Data excerpts:
☆ ☆ ☆ ☆ ☆ ☆ ☆

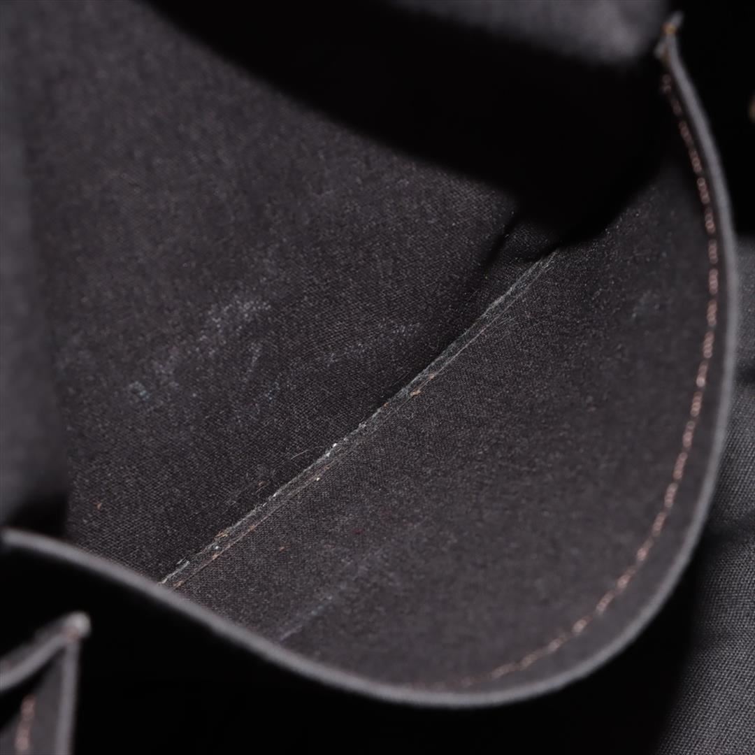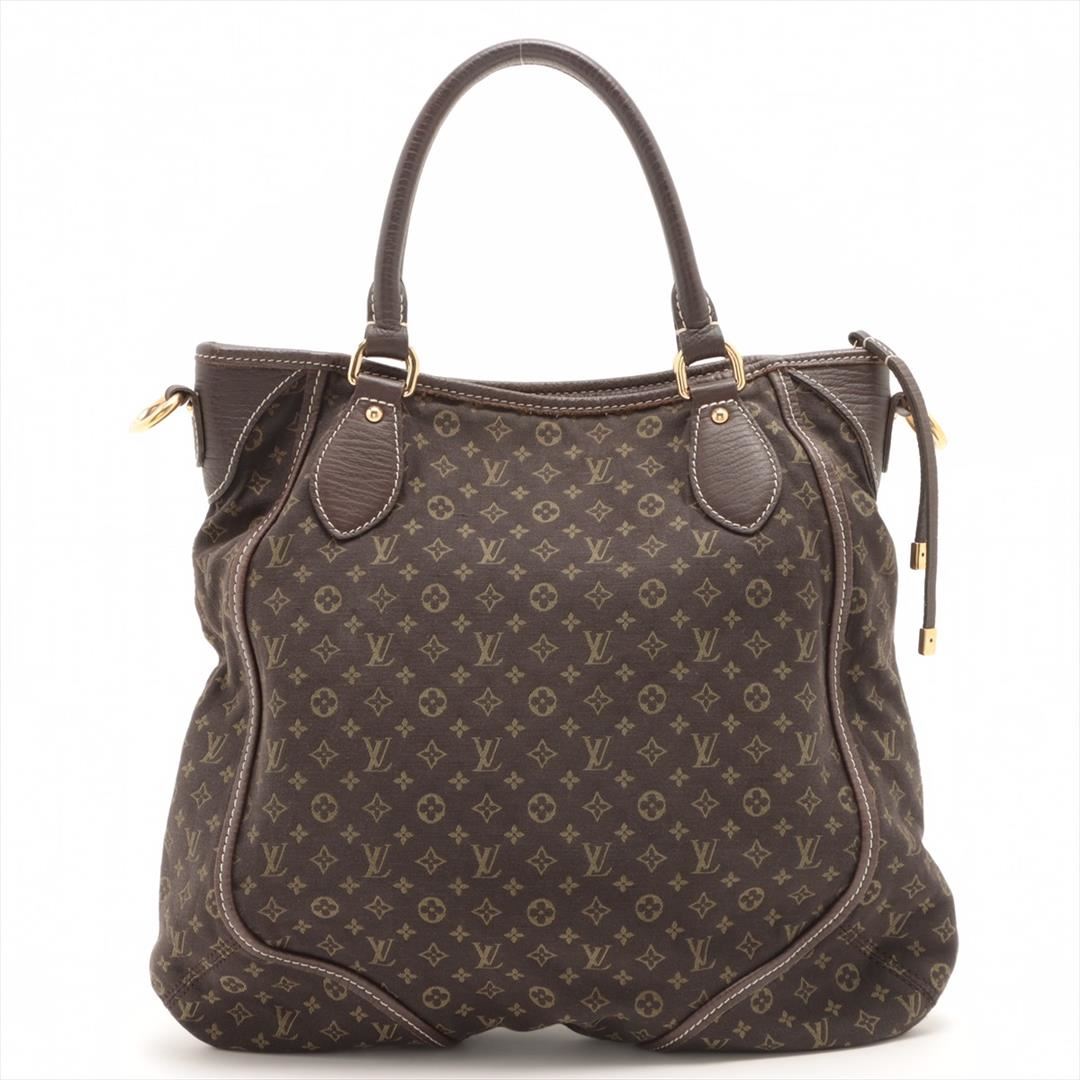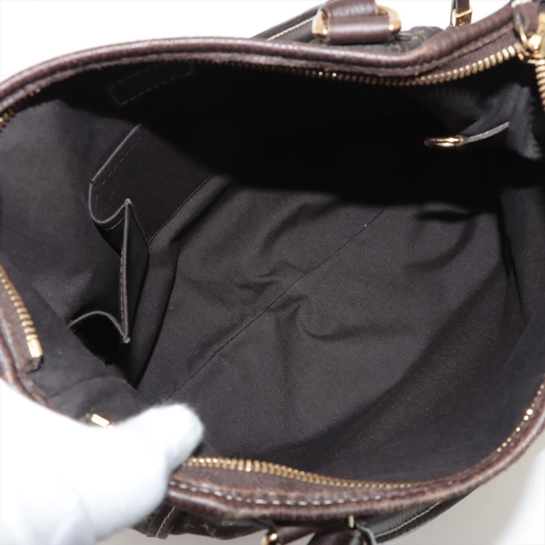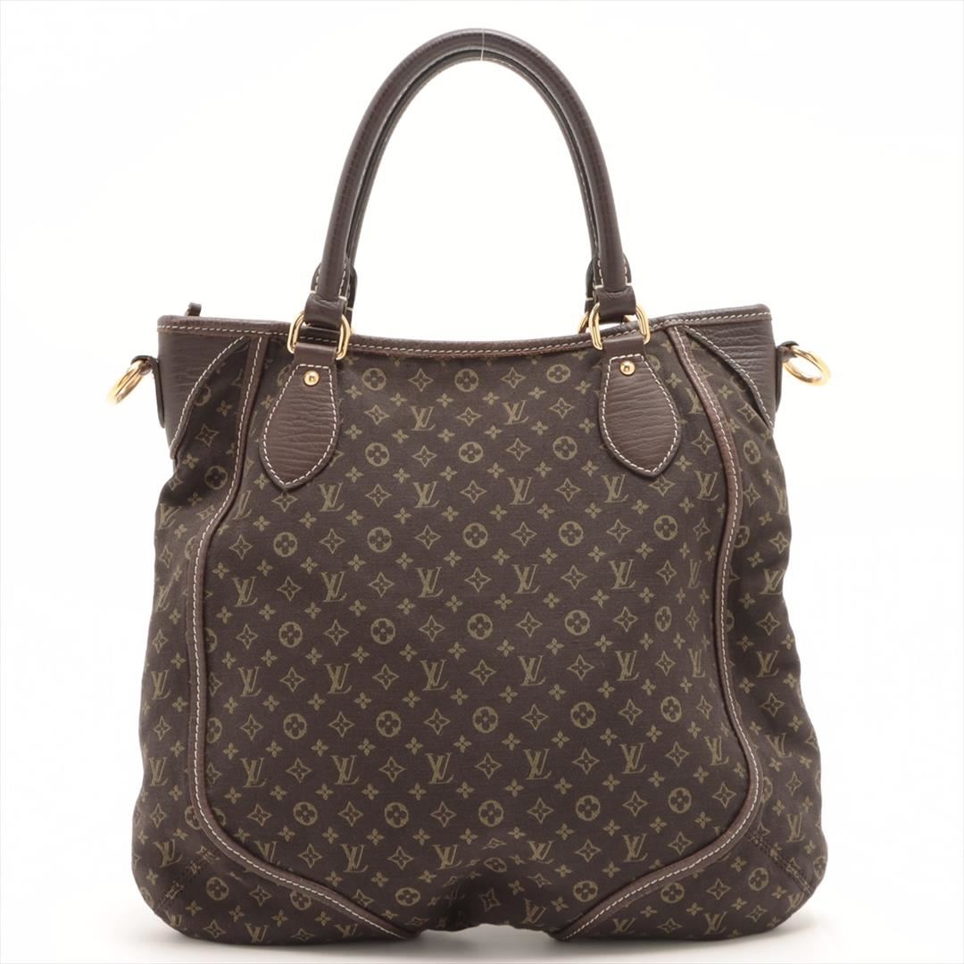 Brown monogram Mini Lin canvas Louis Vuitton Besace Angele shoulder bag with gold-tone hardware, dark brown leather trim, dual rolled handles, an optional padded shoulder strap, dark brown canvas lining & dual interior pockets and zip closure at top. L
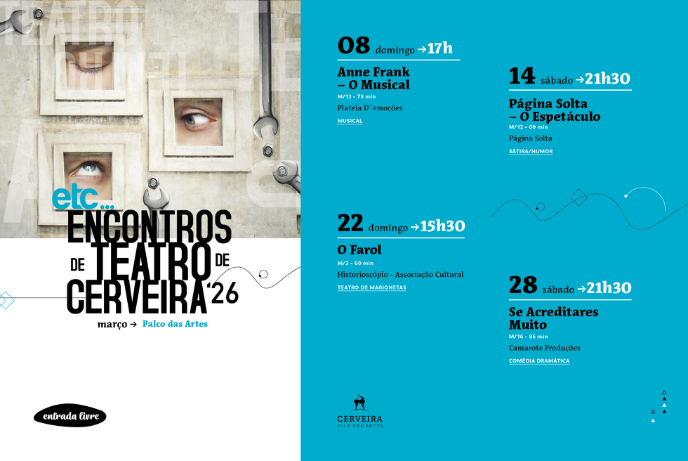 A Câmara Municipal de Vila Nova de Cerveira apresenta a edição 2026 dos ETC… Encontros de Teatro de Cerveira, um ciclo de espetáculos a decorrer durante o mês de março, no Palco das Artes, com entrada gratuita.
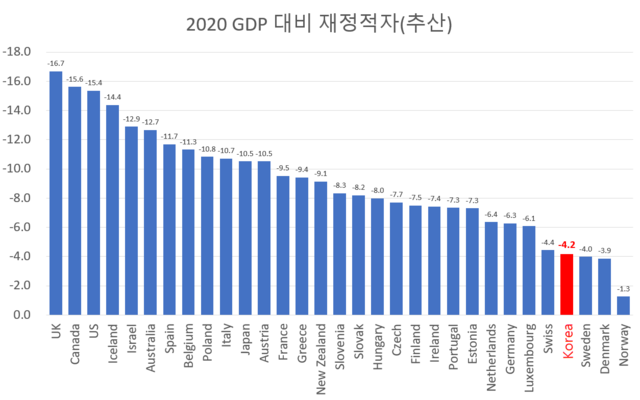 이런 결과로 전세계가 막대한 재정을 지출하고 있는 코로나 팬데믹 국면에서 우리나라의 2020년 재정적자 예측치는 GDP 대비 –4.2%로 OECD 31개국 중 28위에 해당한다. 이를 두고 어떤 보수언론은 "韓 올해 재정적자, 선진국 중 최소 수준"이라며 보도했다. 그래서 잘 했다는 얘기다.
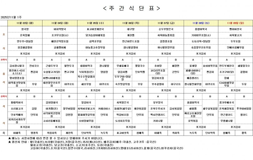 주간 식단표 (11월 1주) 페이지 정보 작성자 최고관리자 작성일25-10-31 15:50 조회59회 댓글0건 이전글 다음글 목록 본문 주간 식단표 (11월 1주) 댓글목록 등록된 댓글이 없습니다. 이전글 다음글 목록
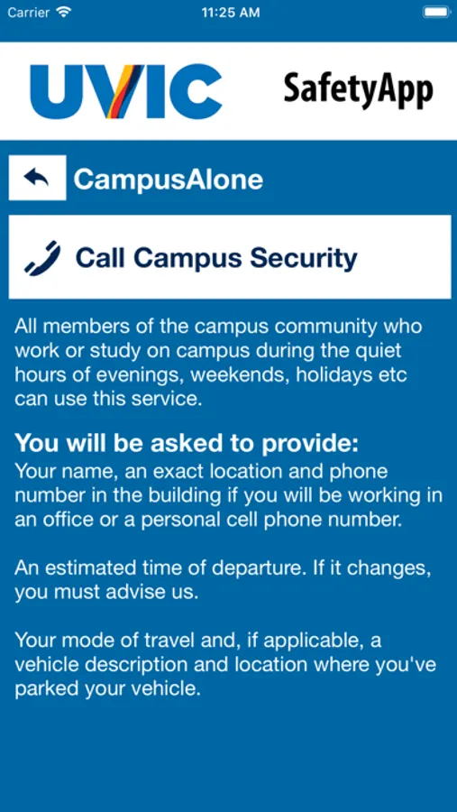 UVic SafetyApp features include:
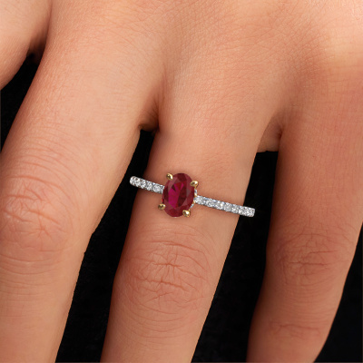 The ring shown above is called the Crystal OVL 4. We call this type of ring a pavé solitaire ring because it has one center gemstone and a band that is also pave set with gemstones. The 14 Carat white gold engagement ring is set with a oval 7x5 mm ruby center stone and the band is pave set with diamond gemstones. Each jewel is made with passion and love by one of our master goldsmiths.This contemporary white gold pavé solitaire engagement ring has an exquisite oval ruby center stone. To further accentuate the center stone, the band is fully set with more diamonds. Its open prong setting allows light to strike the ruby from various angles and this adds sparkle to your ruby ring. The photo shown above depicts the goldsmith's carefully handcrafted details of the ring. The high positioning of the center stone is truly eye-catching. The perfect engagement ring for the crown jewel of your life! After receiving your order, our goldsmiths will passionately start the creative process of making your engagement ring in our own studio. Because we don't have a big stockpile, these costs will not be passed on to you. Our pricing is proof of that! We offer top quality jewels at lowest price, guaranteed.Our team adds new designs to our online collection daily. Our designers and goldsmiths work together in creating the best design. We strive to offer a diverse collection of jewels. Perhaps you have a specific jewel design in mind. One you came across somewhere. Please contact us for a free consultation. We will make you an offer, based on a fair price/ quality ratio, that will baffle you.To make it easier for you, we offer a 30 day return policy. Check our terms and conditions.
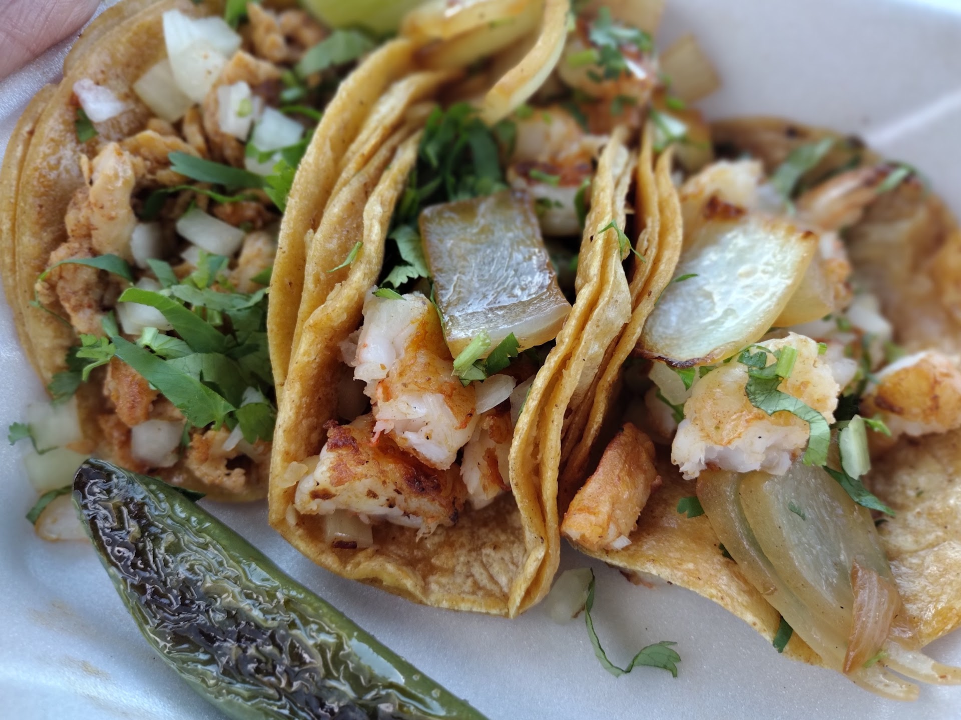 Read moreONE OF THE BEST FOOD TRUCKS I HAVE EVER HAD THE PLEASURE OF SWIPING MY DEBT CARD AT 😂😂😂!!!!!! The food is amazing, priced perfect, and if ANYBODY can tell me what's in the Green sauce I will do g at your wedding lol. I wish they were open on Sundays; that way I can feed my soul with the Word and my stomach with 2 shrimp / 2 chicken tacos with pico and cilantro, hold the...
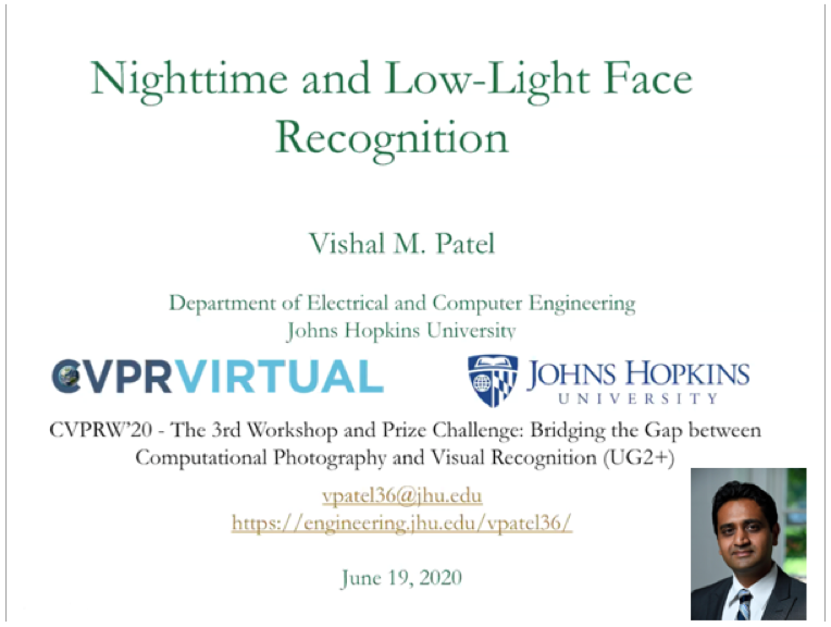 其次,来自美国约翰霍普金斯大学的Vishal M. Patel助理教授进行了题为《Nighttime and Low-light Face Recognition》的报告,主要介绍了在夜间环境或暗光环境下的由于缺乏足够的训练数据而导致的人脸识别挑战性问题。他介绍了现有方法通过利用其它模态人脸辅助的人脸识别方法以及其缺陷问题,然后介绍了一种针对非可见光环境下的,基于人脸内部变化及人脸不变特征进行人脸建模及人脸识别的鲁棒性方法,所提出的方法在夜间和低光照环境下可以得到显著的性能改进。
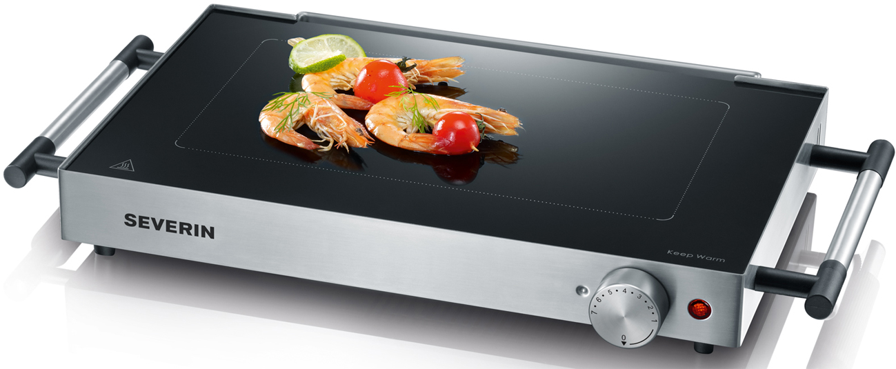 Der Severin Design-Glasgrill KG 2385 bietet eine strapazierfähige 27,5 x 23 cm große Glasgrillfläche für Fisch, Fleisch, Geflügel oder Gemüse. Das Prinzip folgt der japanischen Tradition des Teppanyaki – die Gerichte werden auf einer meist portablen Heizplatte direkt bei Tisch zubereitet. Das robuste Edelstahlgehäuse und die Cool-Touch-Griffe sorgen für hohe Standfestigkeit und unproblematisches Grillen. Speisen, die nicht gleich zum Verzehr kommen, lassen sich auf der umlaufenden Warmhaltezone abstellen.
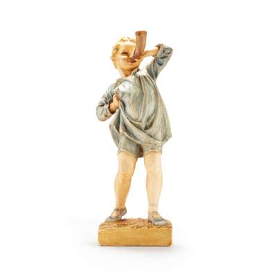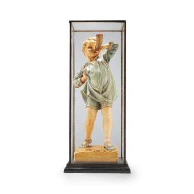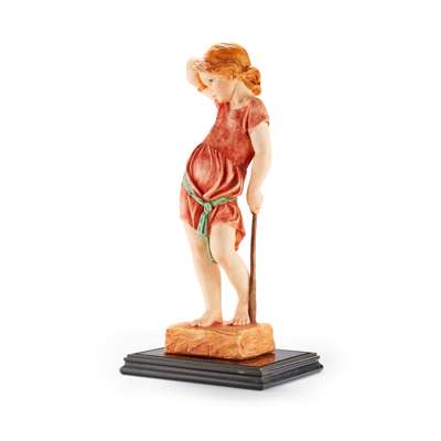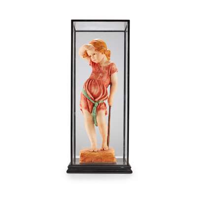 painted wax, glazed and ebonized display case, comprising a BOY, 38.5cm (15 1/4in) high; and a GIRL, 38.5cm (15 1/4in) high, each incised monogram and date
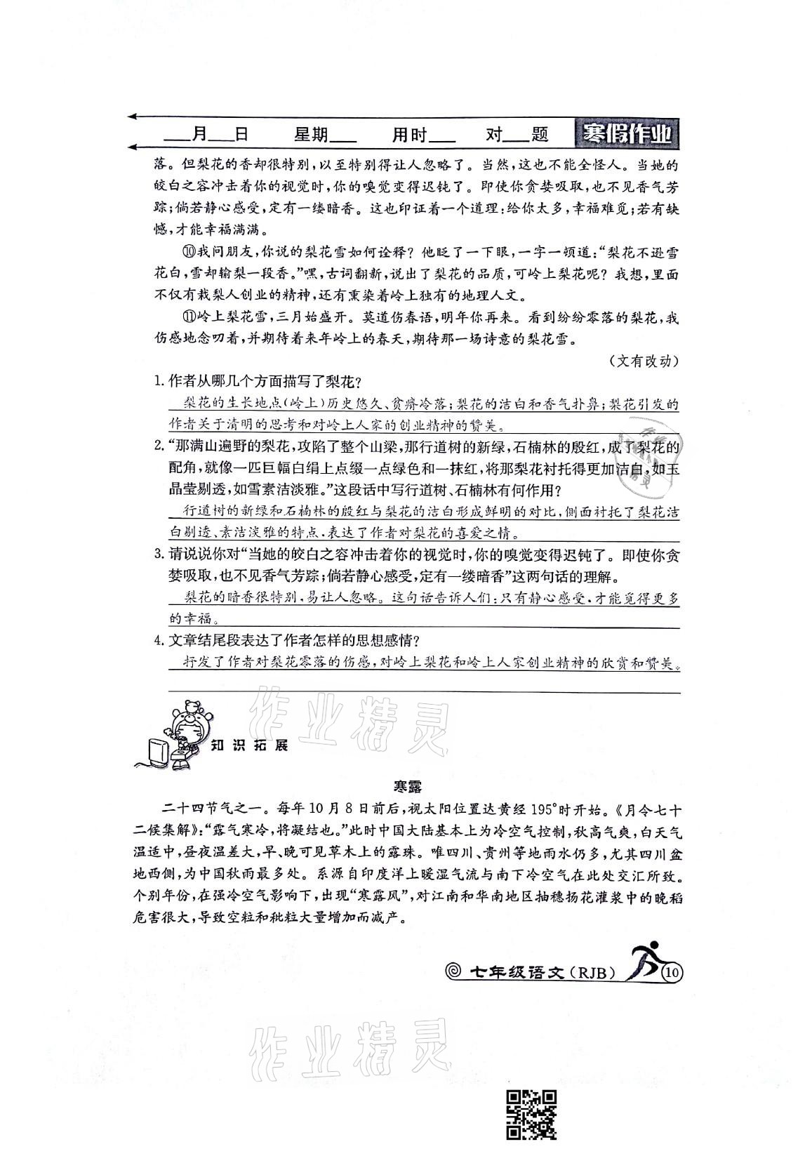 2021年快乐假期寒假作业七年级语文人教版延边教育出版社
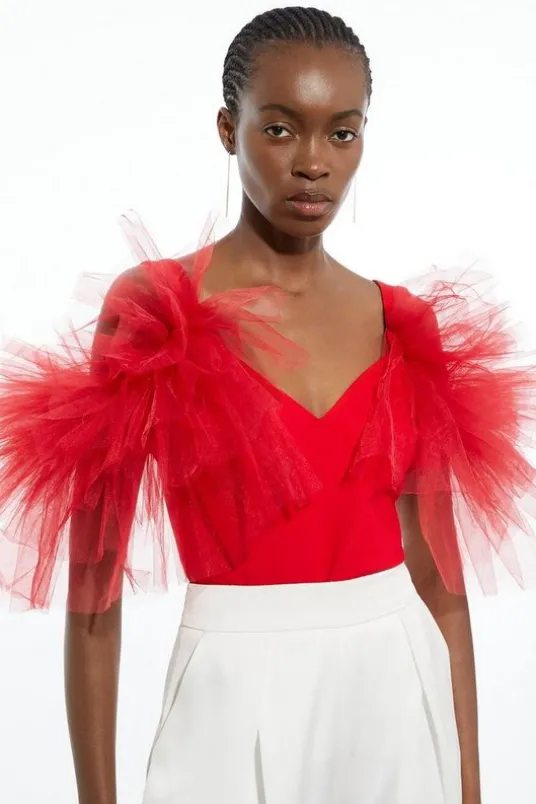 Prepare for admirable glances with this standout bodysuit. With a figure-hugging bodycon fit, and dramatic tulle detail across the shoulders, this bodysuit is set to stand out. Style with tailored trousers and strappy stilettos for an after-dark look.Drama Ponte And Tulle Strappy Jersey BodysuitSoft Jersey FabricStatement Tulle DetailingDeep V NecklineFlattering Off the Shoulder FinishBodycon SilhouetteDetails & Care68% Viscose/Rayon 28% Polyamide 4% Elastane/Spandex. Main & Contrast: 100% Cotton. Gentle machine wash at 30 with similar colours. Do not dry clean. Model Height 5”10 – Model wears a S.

☆ ☆ ☆ ☆ ☆ ☆ ☆

Problem details: Make an exact copy of the records from their first line through the line containing "UVic SafetyApp features", both ends included, with the pictures omitted.

Output for this task:
 Brown monogram Mini Lin canvas Louis Vuitton Besace Angele shoulder bag with gold-tone hardware, dark brown leather trim, dual rolled handles, an optional padded shoulder strap, dark brown canvas lining & dual interior pockets and zip closure at top. L
 A Câmara Municipal de Vila Nova de Cerveira apresenta a edição 2026 dos ETC… Encontros de Teatro de Cerveira, um ciclo de espetáculos a decorrer durante o mês de março, no Palco das Artes, com entrada gratuita.
 이런 결과로 전세계가 막대한 재정을 지출하고 있는 코로나 팬데믹 국면에서 우리나라의 2020년 재정적자 예측치는 GDP 대비 –4.2%로 OECD 31개국 중 28위에 해당한다. 이를 두고 어떤 보수언론은 "韓 올해 재정적자, 선진국 중 최소 수준"이라며 보도했다. 그래서 잘 했다는 얘기다.
 주간 식단표 (11월 1주) 페이지 정보 작성자 최고관리자 작성일25-10-31 15:50 조회59회 댓글0건 이전글 다음글 목록 본문 주간 식단표 (11월 1주) 댓글목록 등록된 댓글이 없습니다. 이전글 다음글 목록
 UVic SafetyApp features include:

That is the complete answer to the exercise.